Six weeks later, much to the shock and surprise of everyone — particularly Marjorie Farber — Carl married Mary Gibson. With her fortune and the $65,000 insurance Carl collected for his wife’s death (approximately $450k in current dollars), the couple was quite comfortable.

Two Murder Investigations

A pair of murders notwithstanding, rejecting Marjorie’s affections was the biggest mistake that Carl Coppolino committed.
After Carl was married to his rich widow, he approached Marjorie and offered her the position of housekeeper in his home. Just what his motivation was we will probably never know, but Marjorie was not going to take that kind of insult lying down. Instead of accepting the housekeeping position, Marjorie returned to New Jersey and went straight to the cops.
She did it, she said, because she feared Carl would kill again.
“I thought this man might possibly want to kill his present wife,” she said on the stand in New Jersey.
“So you’re here now to protect the present Mrs. Coppolino?” asked defense attorney Bailey.
“Yes, and maybe even myself,” she replied.
Marjorie had no idea that investigators in two states were already looking at Dr. Carl Coppolino as a possible killer, but they were stumped as to the method he used to kill Carmela. The jilted lover provided the final piece of the puzzle when she told them about the drug Carl had given her to use on her husband.
Investigators quickly settled on succinylcholine, a drug used by anesthesiologists in patients undergoing surgery. Succinylcholine is a muscle relaxant which causes apnea, or the inability to breath. Breathing is maintained artificially during surgery.

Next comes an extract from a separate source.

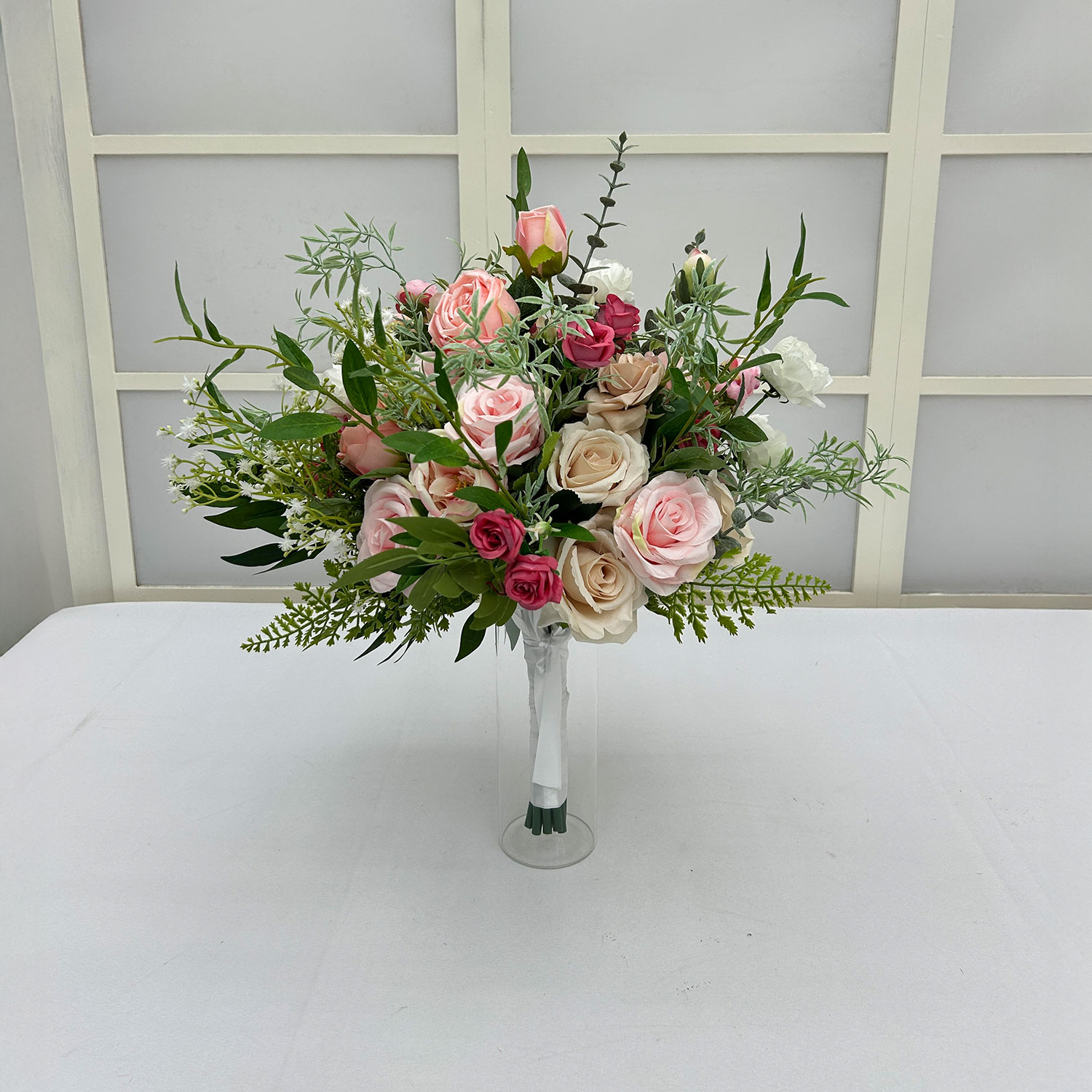 Our Bridal Bouquet (with Ribbon) is a beautifully finished, ready-to-use bouquet designed for ceremony entrances, bridal portraits, and keepsake moments. Lightweight and easy to carry, it provides a polished finishing touch for bridal styling while offering a timeless accessory that complements a wide range of wedding themes and venues.

In 1966, however, even a lethal dose of the anesthetic was nearly untraceable because it breaks down in the body so quickly.
In Florida, Carmello Musetto’s five months of insistence that his daughter was much too healthy to die at 35 from a heart attack, along with the lies Carl told him about the autopsy that never happened, prompted authorities in Sarasota to exhume her body and perform the belated autopsy.
Because Carmela was interred in Jersey, the Monmouth authorities were tasked with the examination.
New Jersey officials requested the assistance of New York City Chief Medical Examiner Milton Helpern who by that time in his three decades as a forensic pathologist had performed nearly 20,000 autopsies and participated in an additional 48,000. Reading the file, Helpern was convinced that Carmela had been murdered.
“I found no evidence of disease of the body,” Helpern testified. “I found no explanation of death from the condition of her organs. I would say with reasonable medical certainty she did not die of coronary occlusion or any type of heart disease.”
Beyond that, however, Helpern could not say how Carmela died.
Circumstantial evidence that proved Carl had possession of succinylcholine chloride, plus Marjorie’s insistence that the deadly doctor had given her a syringe full of the stuff to kill Bill and the injection wound led the ME to suspect that the anesthetic was the means of death.
The problem was proving it. For that, Helpern turned to toxicologist Dr. Charles Joseph Umberger.
Umberger believed that succinylcholine in a massive amount could not be broken down by the body fast enough before death occurs, so traces of the drug’s components should still be traceable in the corpse.
Umberger began by performing a general presumptive test for trace evidence of certain drugs or poisons. The tests were negative.
In addition to Umberger, several other scientists were looking at the problem. One, Dr. Malcolm B. Gilman, ME of Monmouth County, injected succinylcholine into rabbits and bullfrogs at his home in Colts Neck, before subjecting their tissues to chemical and spectroscopic analysis.
Dr. Bert La Du, Jr., at the time chairman of the pharmacology department at New York University medical college, tested samples of tissue near the injection site and the needle’s track through subcutaneous fat.
After months of trying established tests and developing new ones, the physicians had identified two chemicals in Marjorie’s body that could be linked back to the anesthetic: succinylmonocholine and succinic acid. The first was found mostly in the fatty tissue adjacent to the needle track with a much smaller amount in the injection-site tissue. The second was found in Carmela’s brain.
Based on the findings in Carmela’s autopsy, New Jersey officials exhumed the colonel’s body, expecting to find the same chemicals. Unfortunately for investigators, Bill had been in the ground for years and the tests were at best inconclusive. Helpern, however, discovered the colonel had a fractured windpipe, which he ruled was caused by homicidal violence.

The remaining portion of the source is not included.